8. International data transfers
Lumiqa primarily operates on Cloudflare's EU infrastructure. Some sub-processors (Clerk, Resend, Anthropic, Replicate) are located in the United States. For any transfer of personal data outside the European Economic Area (EEA), we rely on:
- Standard Contractual Clauses (SCCs) adopted by the European Commission;
- Additional technical safeguards: encryption in transit (TLS 1.2+), encryption at rest, access controls;
- Sub-processor commitments under the EU-US Data Privacy Framework where applicable.
9. Your rights under GDPR
You have the following rights under the General Data Protection Regulation (Regulation (EU) 2016/679):
- Right of access (Art. 15) — request a copy of personal data we hold about you.
- Right to rectification (Art. 16) — correct inaccurate or incomplete data.
- Right to erasure / "right to be forgotten" (Art. 17) — request deletion. See our Data Deletion page for the full process.
- Right to restriction of processing (Art. 18).
- Right to data portability (Art. 20) — export your workspace data in machine-readable format (JSON + original files). Available from Settings → Export, or by emailing [email protected].
- Right to object (Art. 21) — object to processing based on legitimate interest.
- Right to withdraw consent (Art. 7(3)) — for consent-based processing (analytics).
- Right to lodge a complaint with a supervisory authority — in Italy, the Garante per la Protezione dei Dati Personali (garanteprivacy.it).
We respond to verified requests within 30 days (extendable by a further 60 days for complex cases under Art. 12(3) GDPR). To exercise a right, email [email protected] with your account email so we can authenticate you.
10. Cookies and tracking
Lumiqa uses only a minimal set of cookies and similar technologies:
- Strictly necessary: session cookies set by Clerk for login persistence. These cannot be disabled and require no consent.
- Analytics (consent-based): Google Analytics 4 cookies (
_ga,_ga_*). Only set after you accept the cookie banner. You can withdraw consent at any time by clearing local storage or revoking via the banner. - Marketing cookies: a Meta Pixel may be active on public marketing pages (homepage, /blog, /docs) to measure ad performance. Activated only after consent.
- We do not use cross-site tracking or browser fingerprinting.
11. Security
We apply technical and organizational measures appropriate to the risk (GDPR Art. 32):
- TLS 1.2+ for all network traffic (HTTPS-only, HSTS enabled)

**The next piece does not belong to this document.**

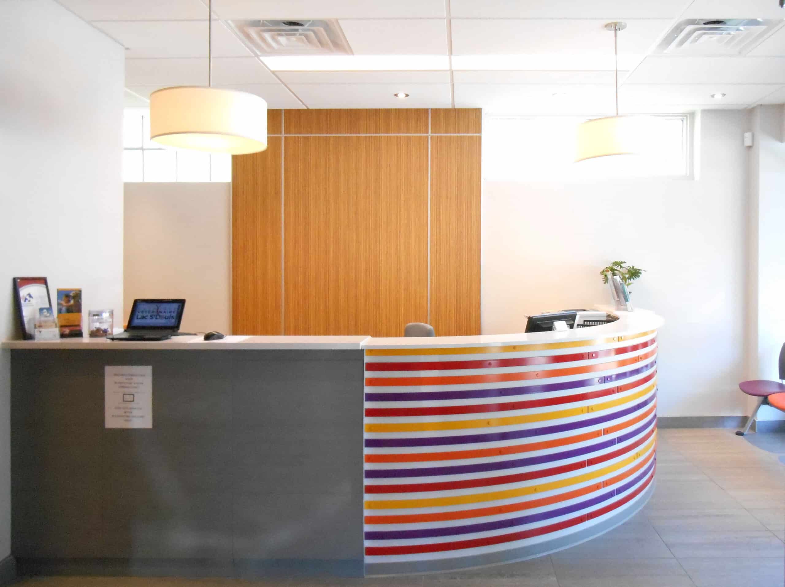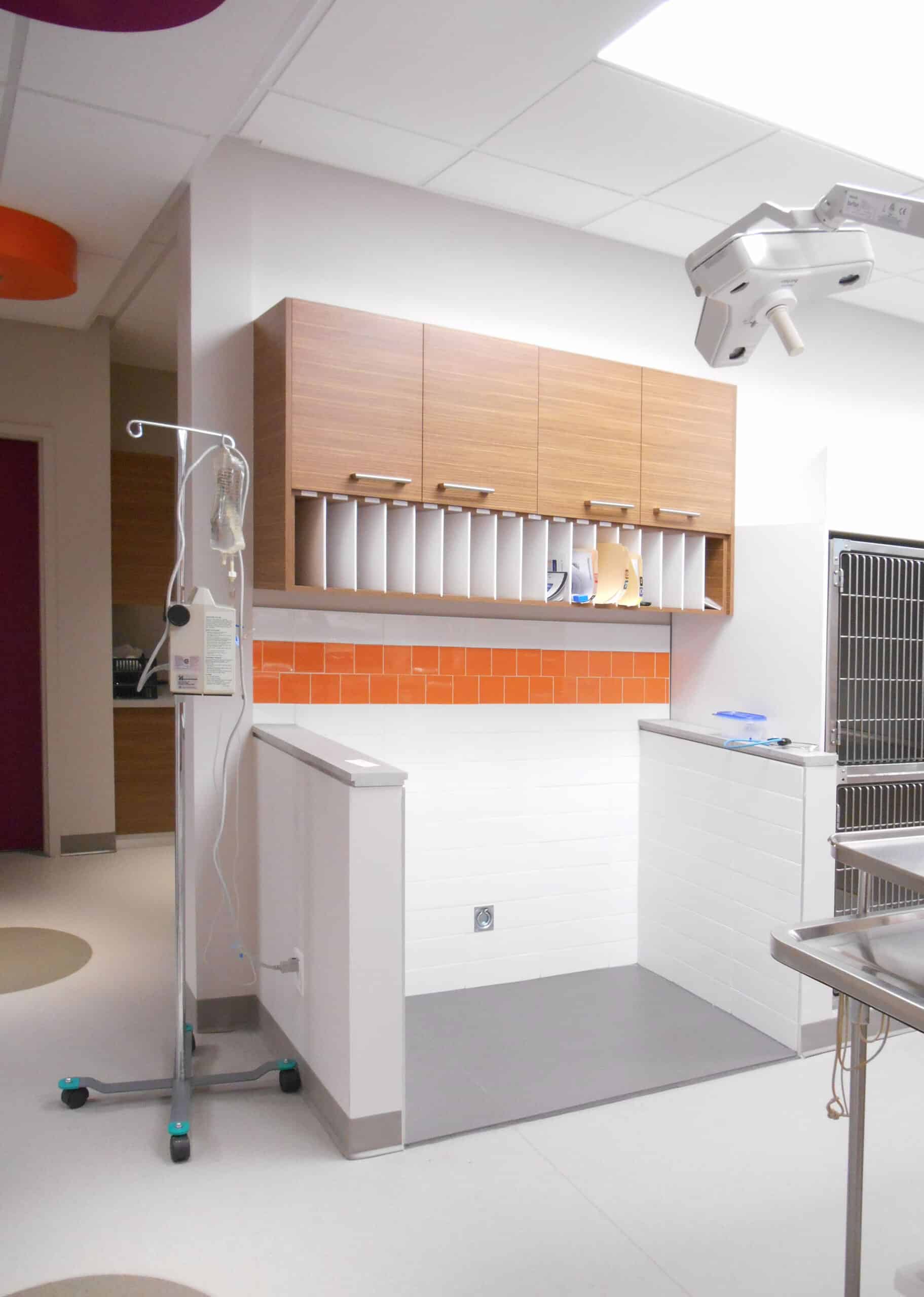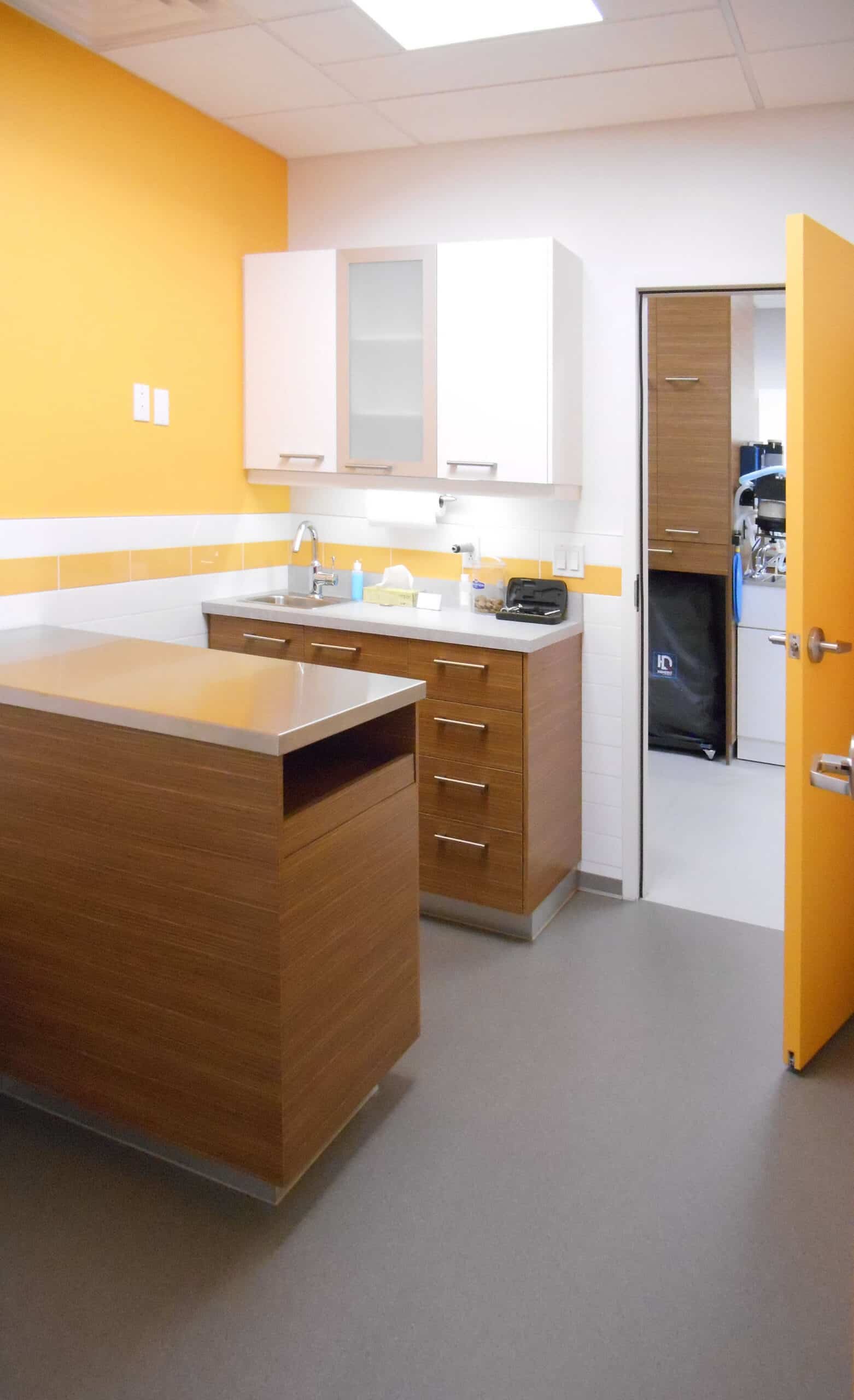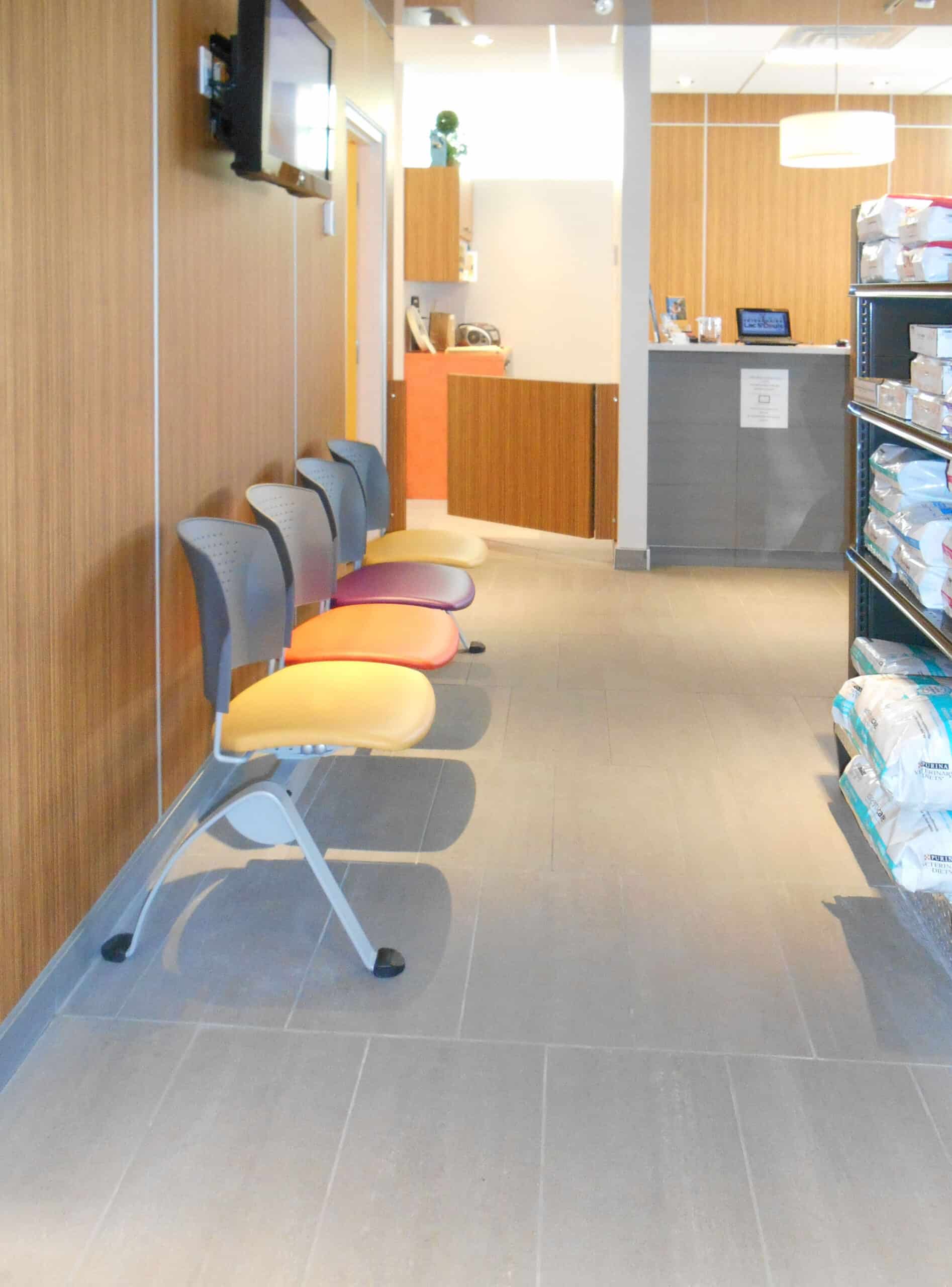 Pour l’aménagement de cette clinique vétérinaire, nous avons offert un service de design intérieur complet : planification de l’agrandissement de la clinique, choix des matériaux, préparation des plans techniques de construction, préparation des plans d’ébénisterie et suivi du projet lors de la construction.

- Encryption at rest for D1, KV, R2 (provider-managed encryption)
- OAuth tokens encrypted with workspace-scoped keys
- Principle of least privilege for staff access (only the owner of AB Tools has production access)
- Audit logging of administrative actions
- Regular dependency updates and security patches
- Backup snapshots with 30-day retention, then automatic purge
If we detect a personal data breach, we will notify the supervisory authority within 72 hours and affected users without undue delay, in accordance with Articles 33 and 34 GDPR.
12. Children
Lumiqa is not directed at children under 16. We do not knowingly collect personal data from minors. If you believe a child has registered an account, contact [email protected] and we will remove the account promptly.
13. Changes to this policy
We may update this policy to reflect changes in our services, legal requirements, or business practices. Material changes are announced via email to registered users at least 14 days in advance. The "Last updated" date at the top reflects the latest revision. Historical versions are available on request.
14. Contact
For any privacy-related question, request, or complaint:
- Email: [email protected]
- General contact: [email protected]
- Postal mail: AB Tools — Via M. Bertini 32, 55100 Lucca, Italy
We respond to every legitimate privacy request, even if you don't have an active account.